The transit method consists of regularly measuring the luminosity of a star in order to detect the periodic decrease in luminosity associated with the transit of an exoplanet. The transit happens when a planet passes in front of its star. On the other hand, when the planet passes being the star, it is called an eclipse. The effect measured during a transit is quite small. For a star the size of the Sun, the transit of a Jupiter-size planet will cause a decrease in apparent luminosity of about 1%, while this decrease will be of about 0.001% for a planet the size of the Earth.
In other words, it is a photometric method that aims to indirectly detect the presence of one or more exoplanets in orbit around a star through covering a small portion of it.
This principle can be applied to more than just exoplanets detection and has even been used in our own Solar System.
The transit occurs when the planet passes in front of its star, whereas the eclipse occurs when the planet passes behind its star.
Most of the planets discovered by the transit method have been revealed through large field surveys. The aim is to study a large number of stars, without pre-selecting them, since there is no indication a priori which stars will have planets that are favourably aligned with respect to the Earth in order to be able to detect them by the transit method.
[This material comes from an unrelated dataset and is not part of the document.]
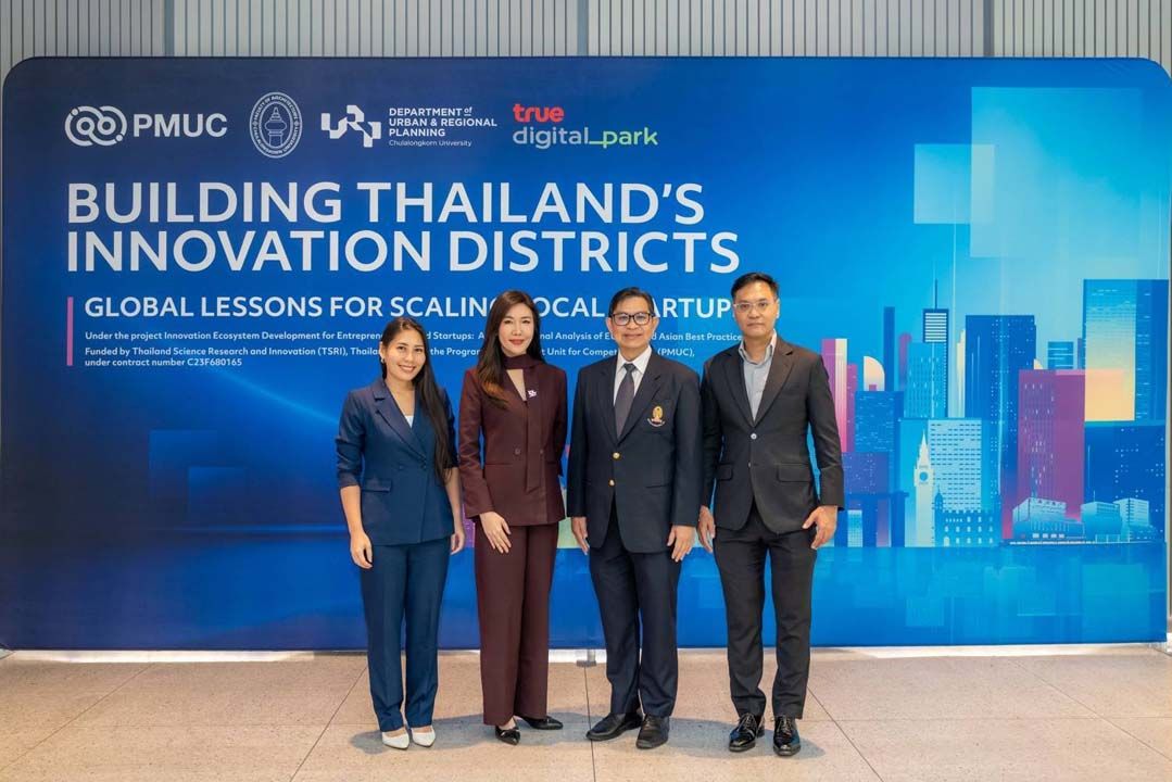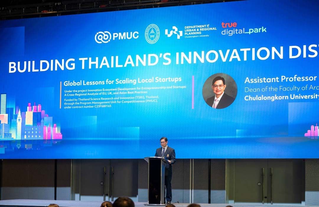 9 เมษายน 2569 จุฬาลงกรณ์มหาวิทยาลัย โดย คณะสถาปัตยกรรมศาสตร์ และศูนย์บริการวิชาการแห่งจุฬาลงกรณ์มหาวิทยาลัย ลงนามบันทึกข้อตกลงความร่วมมือ กับ ทรู ดิจิทัล พาร์ค ศูนย์กลางเทคและสตาร์ทอัพที่ใหญ่ที่สุดในเอเชียตะวันออกเฉียงใต้ประกาศผนึกพลังขับเคลื่อนโครงการ “การพัฒนาย่านนวัตกรรมสนับสนุนผู้ประกอบการสตาร์ทอัพ ผ่านการเรียนรู้โมเดลระดับโลก” ดึงศักยภาพด้านงานวิจัยโดยเฉพาะในระดับมหาวิทยาลัย เชื่อมโยงเครือข่ายผู้ประกอบการ นักลงทุนและองค์กรธุรกิจทั้งในและต่างประเทศภายใต้ระบบนิเวศสตาร์ทอัพที่สมบูรณ์แบบครบวงจร เสริมด้วยองค์ความรู้ระดับสากลจากพันธมิตรองค์กรชั้นนำใน 3 ประเทศ คือ เนเธอร์แลนด์ สหราชอาณาจักร และ สิงคโปร์ เปิดฉากทัศน์ใหม่ในการแลกเปลี่ยนประสบการณ์และความเชี่ยวชาญ การพัฒนาโครงการร่วม และการเชื่อมโยงตลาดและแหล่งทุนระดับภูมิภาคและระดับโลก มุ่งศึกษา 3 เทคโนโลยียุทธศาสตร์ ได้แก่ อาหารแห่งอนาคต (Future Food) สุขภาพ(Health Tech) และ สิ่งแวดล้อม (Green Innovation) ตั้งเป้าเปลี่ยนงานวิจัยเชิงลึกสู่การสร้างพื้นที่เศรษฐกิจนวัตกรรมที่จับต้องได้จริง
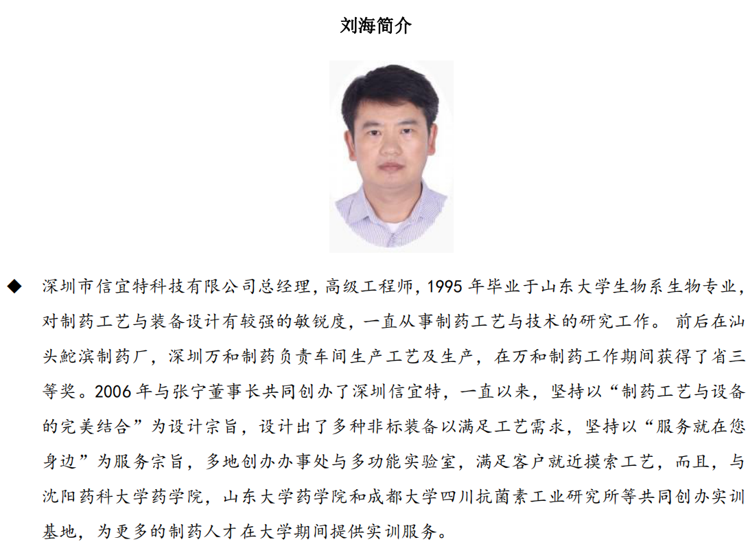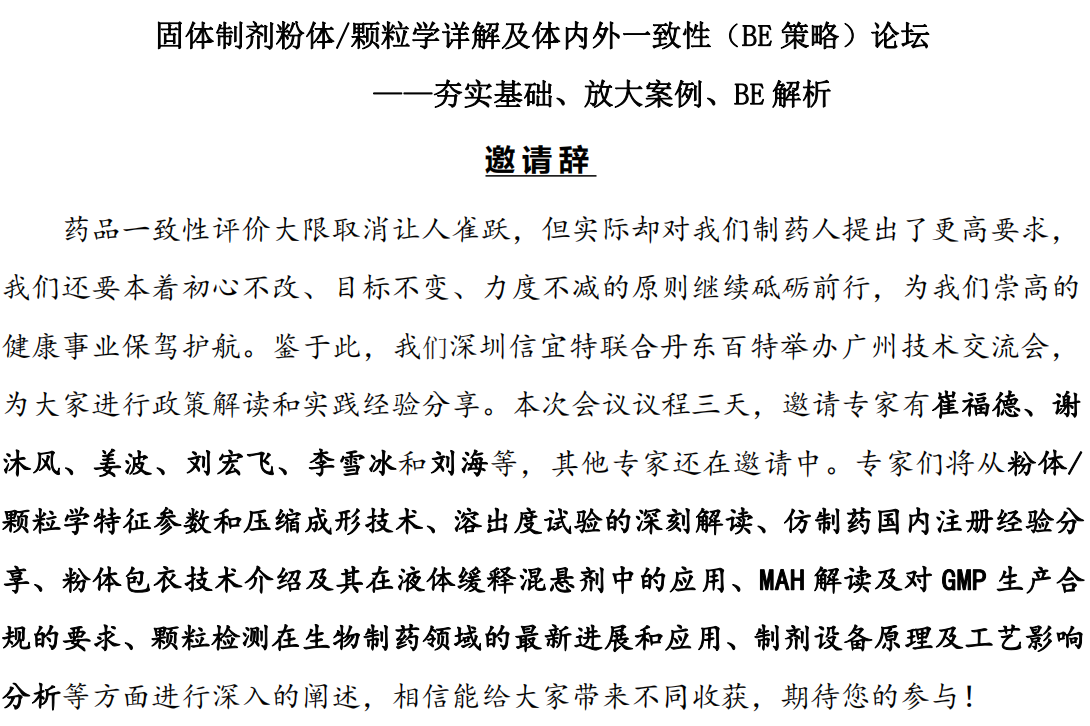 藥品一致性評價大限取消讓人雀躍,但實際卻對我們制藥人提出了更高要求, 我們還要本著初心不改、目 標不變、力度不減的原則繼續砥礪前行,為我們崇高的 健康事業保駕護航。鑒于此,我們深圳信宜特聯合丹東百特舉辦廣州技術交流會, 為大家進行政策解讀和實踐經驗分享。本次會議議程三天,邀請專家有崔福德、謝 沐風、姜波、劉宏飛、李雪冰和劉海等,其他專家還在邀請中。專家們將從粉體/ 顆粒學特征參數和壓縮成形技術、溶出度試驗的深刻解讀、仿制藥國內注冊經驗分 享、粉體包衣技術介紹及其在液體緩釋混懸劑中的應用、MAH 解讀及對GMP生產合 規的要求、顆粒檢測在生物制藥領域的最新進展和應用、制劑設備原理及工藝影響 分析等方面進行深入的闡述,相信能給大家帶來不同收獲,期待您的參與!

Launched in 2009 and having completed its mission in 2018, the Kepler Space Telescope has played a crucial role in the search for exoplanets using the transit method. It alone has observed 530,000 stars in the Cygnus constellation and it has confirmed the existence of more than 2,600 exoplanets, revolutionizing our vision of exoplanets. This abundance of planets has shown that there is a much greater diversity of planets compared to the planets in our solar system.